2001年12月19日
◆THE LORD OF THE RINGS
「指輪物語」、いよいよ公開とのこと。
ここ数年、本屋ではハリーポッター一色でしたが、これで挽回なるでしょうか。
指輪物語はファンタジーの原本と言ってよいでしょう。
ゲームを中心に、そのほとんどがここに辿り着きます。
私の記憶が確かなら、この作者は言語学者だそうです。
だから、英語の流れが大変美しいとのこと。
歌も沢山出てきて、それも素晴らしいとのこと。
・・・全部、伝聞型です。
わたくし、実は指輪物語の原本をワンセット持ってるんですがね。
(一橋の院試の帰りに、外書屋で衝動買い)
結局挫折して、日本語の方読んでましたし、未だに本棚の飾りになってますです。
でも、やはり、綺麗とは思いますよ。

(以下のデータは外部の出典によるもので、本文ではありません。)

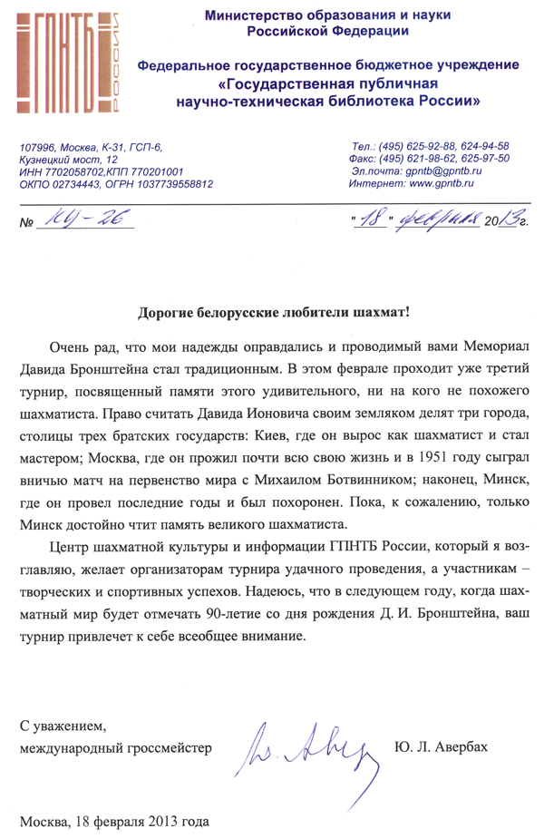 В ОО "Белорусская федерация шахмат" пришло очень теплое письмо от старейшего гроссмейстера мира Юрия Львовича Авербаха.

話の流れとか、歌とか。
ジェーン・オースチンみたく、主婦が書いた小説と、ドイルのように専門家的視点も加えた小説が、混在している。
何か、よく分からないけど、イギリス的だというか、日本と違うなぁ、と思わされてしまったり。
あと、言語学者だなぁ、と思わせるのが、物語独自の言語とか文字とかを作ってしまっていること。
「指輪」に書いてあるお玉杓子のような文字は、エルフ古代文字ですのよ。
あちらのサイトには、発音表と文法を載せているのもありますわ。
その他、世界観等、恐ろしいほど体系付けられており、
TTRPG版のものは、マニュアルが何冊もあります。
ルールが覚えられない。
本の方も、いきなり最初の数十ページつかって、ホビットの社会風俗歴史を説明してますし。

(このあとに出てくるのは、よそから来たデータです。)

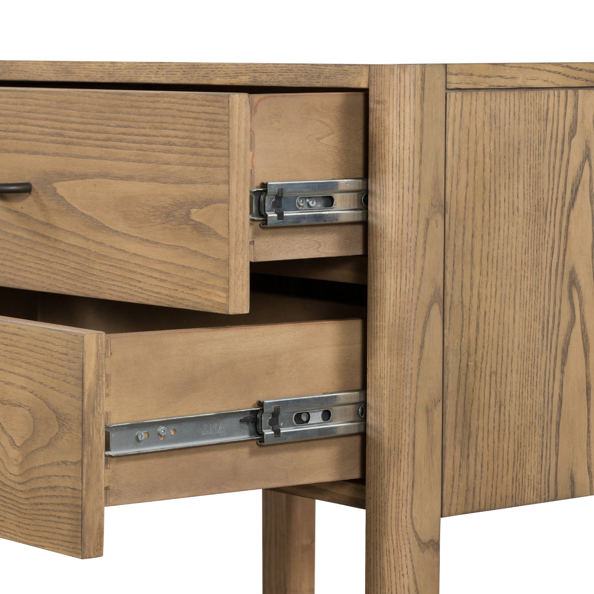 Simple yet refined, a Danish design-influenced nightstand is made from solid ash, with iron hardware finished in a sleek gunmetal. Dual drawers bring generous storage space to the bedside, while stretcher-style shelving made from woven paper cord doles a textural finishing touch.

(RED BOOK(『ホビットの冒険』)という、指輪物語の前編を読んでない人の為にあるのですが)
しかし、クトゥルフ神話といい、スタートレックといい、
何故彼らはあそこまで世界観を築くのが大好きなのでしょうか。
整合性を必死に調整して、背景を作り上げ、それを公表している。
「裏設定」で終わらせる日本人とは、全然違います。
というわけで、かなりマニアックなものを含んでいる映画ということで。
でも話自体は単純ですし、正統なファンタジーに堪えられる人には、是非お勧めしますわ。
日本語版の名訳、「ゴクリ」とか、野伏の「馳夫」くんを、字幕で一体どうするつもりなのか。
個人的な楽しみ。
・・・いつにも増してマニアな日記、すいません。